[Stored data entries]
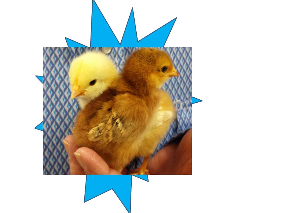 Two Chicks with blue background | ||
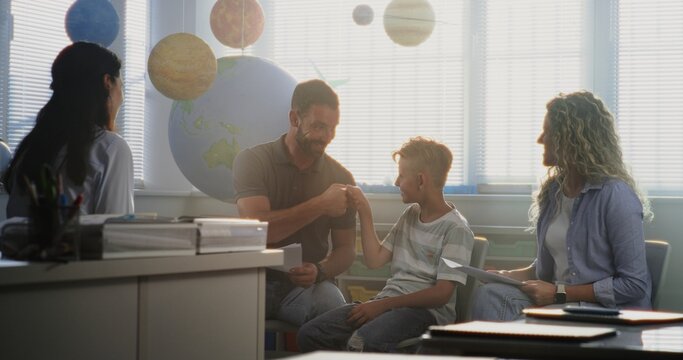 Mother and Father Looking at School Test Grades of Their Son During Parents Evening. Teacher and Parents Happy About Excellent Academic Performance and Behavior of Elementary School Boy. Medium Shot.
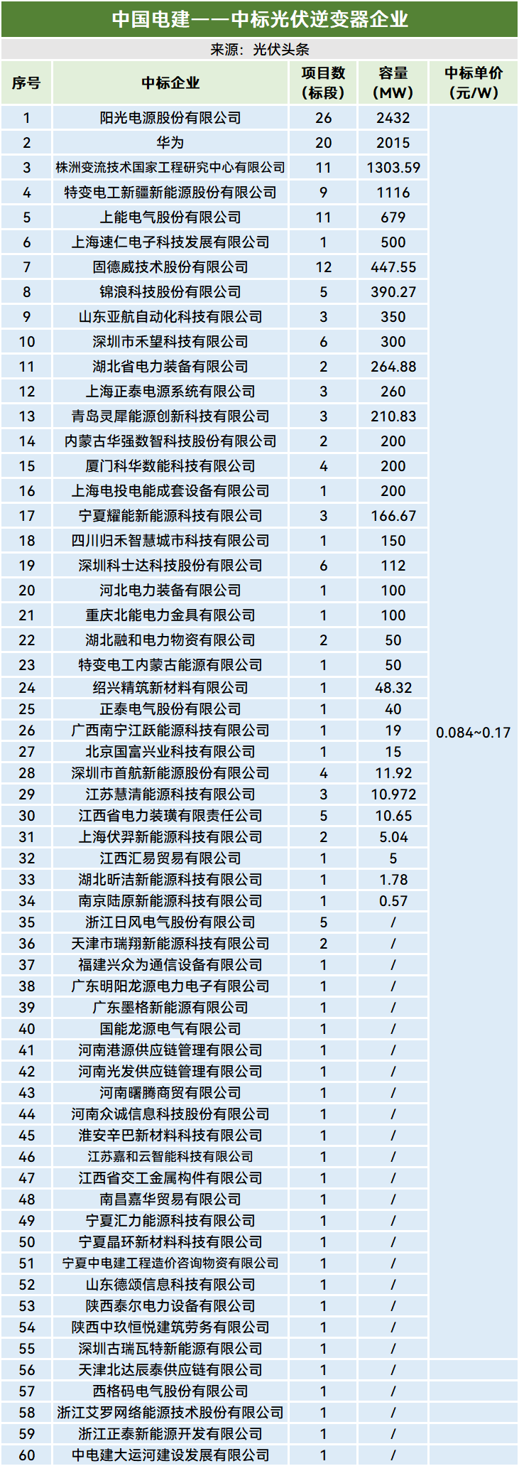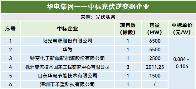 5、中标企业方面,华为、阳光电源、株洲变流、特变电工、上能电气、华电节能、双杰电气、正泰电源、锦浪科技、固德威等155家企业中标。
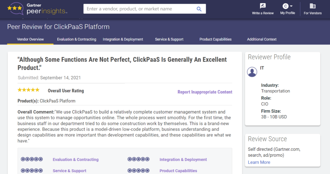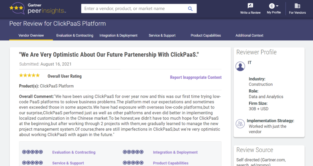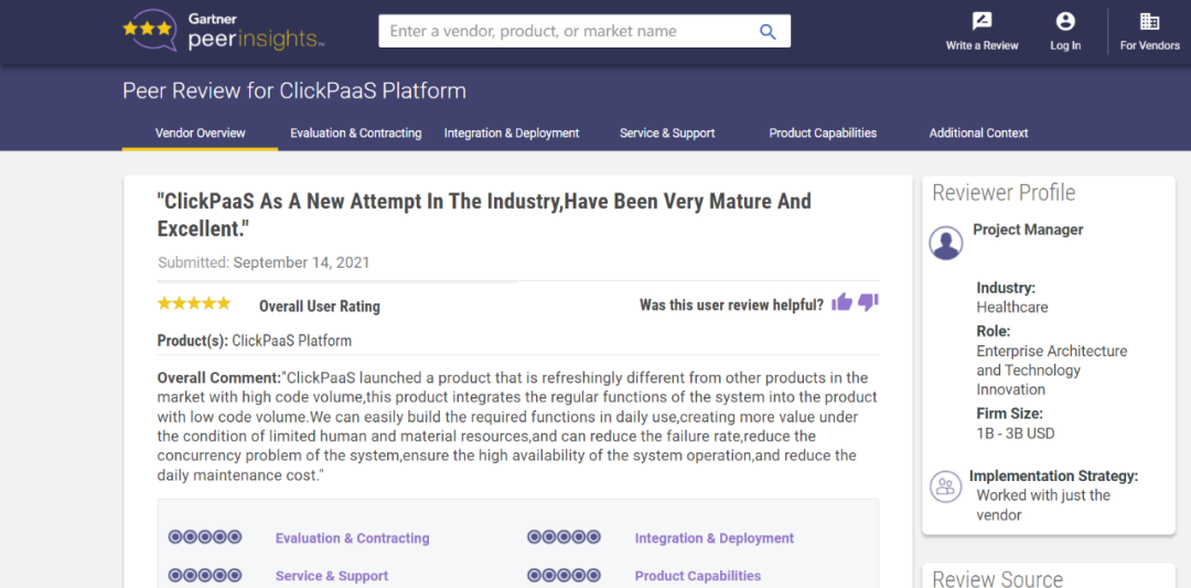 Tips:::::::【Peer Insights】——用户对企业IT产品和服务发布真实评价的平台。。。。。。。。。。。目前已有355个市场,,,,,,,,,,,,,255,000条经过验证的评价。。。。。。每一条评价Gartner会针对参评企业营收规模及参评人员信息做验证、、、、、、、评价内容做多维核实。。。。。。。。。。。
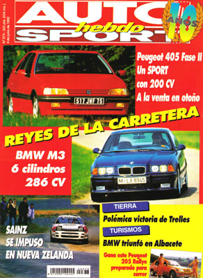 Presentación del BMW M3. Nuevos Citroën ZX Turbo D Aura y Mazda Xedos 6. Clásicos: Dodge 3700 GT. XXIV Rallye Osona. Rallye RACE-Santander. Carreras en el Circuito de Albacete. Cómo se ganan las 24 Horas de Le Mans. Rallye Villa de Gijón. Fórmula 1: el automóvil como modelo matemático.
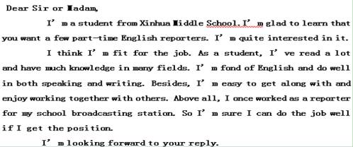 假设你是新华中学的学生李华,得知某英文报招聘兼职记者,你有意应聘,请按下列要点给报社写一封自荐信。
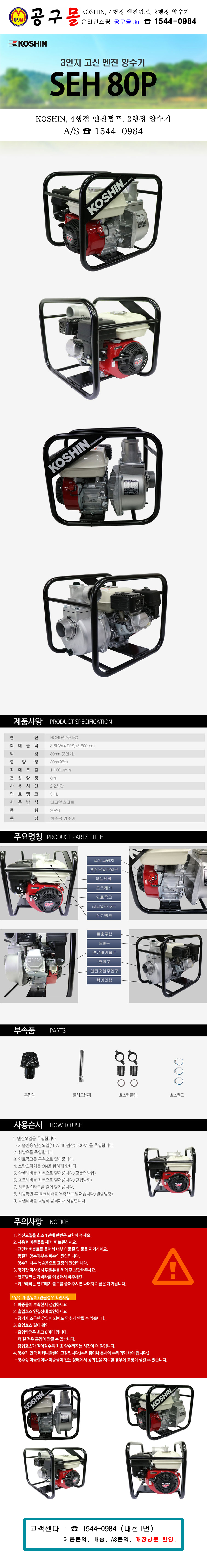 고신 엔진양수기(4행정) SEH80P (3) 혼다GP160엔진, 흡입8m,무게30KG,출력3.6kw/3600rpm, 물펌프
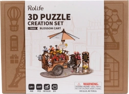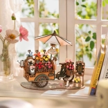 Otkrijte ljepotu ulične prodaje cvijeća s drvenim 3D puzzlama Cvjetna kolica Rolife. Ovaj model donosi čar drevnih tržnica u vaš dom. Kolica su opremljena rustikalnim kotačima, suncobranom i kanticom za zalijevanje. Gotov model postaje prekrasna dekoracija koja oživljava svaki interijer.
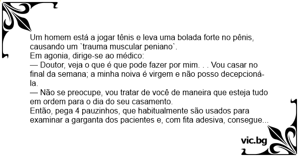 — Doutor, veja o que é que pode fazer por mim. . . Vou casar no final da semana; a minha noiva é virgem e não posso decepcioná-la.

=== Description of the task ===
Copy out the data above exactly, except the pictures.

=== Exercise output ===
 Two Chicks with blue background | ||
 Mother and Father Looking at School Test Grades of Their Son During Parents Evening. Teacher and Parents Happy About Excellent Academic Performance and Behavior of Elementary School Boy. Medium Shot.
 5、中标企业方面,华为、阳光电源、株洲变流、特变电工、上能电气、华电节能、双杰电气、正泰电源、锦浪科技、固德威等155家企业中标。
 Tips:::::::【Peer Insights】——用户对企业IT产品和服务发布真实评价的平台。。。。。。。。。。。目前已有355个市场,,,,,,,,,,,,,255,000条经过验证的评价。。。。。。每一条评价Gartner会针对参评企业营收规模及参评人员信息做验证、、、、、、、评价内容做多维核实。。。。。。。。。。。
 Presentación del BMW M3. Nuevos Citroën ZX Turbo D Aura y Mazda Xedos 6. Clásicos: Dodge 3700 GT. XXIV Rallye Osona. Rallye RACE-Santander. Carreras en el Circuito de Albacete. Cómo se ganan las 24 Horas de Le Mans. Rallye Villa de Gijón. Fórmula 1: el automóvil como modelo matemático.
 假设你是新华中学的学生李华,得知某英文报招聘兼职记者,你有意应聘,请按下列要点给报社写一封自荐信。
 고신 엔진양수기(4행정) SEH80P (3) 혼다GP160엔진, 흡입8m,무게30KG,출력3.6kw/3600rpm, 물펌프
 Otkrijte ljepotu ulične prodaje cvijeća s drvenim 3D puzzlama Cvjetna kolica Rolife. Ovaj model donosi čar drevnih tržnica u vaš dom. Kolica su opremljena rustikalnim kotačima, suncobranom i kanticom za zalijevanje. Gotov model postaje prekrasna dekoracija koja oživljava svaki interijer.
 — Doutor, veja o que é que pode fazer por mim. . . Vou casar no final da semana; a minha noiva é virgem e não posso decepcioná-la.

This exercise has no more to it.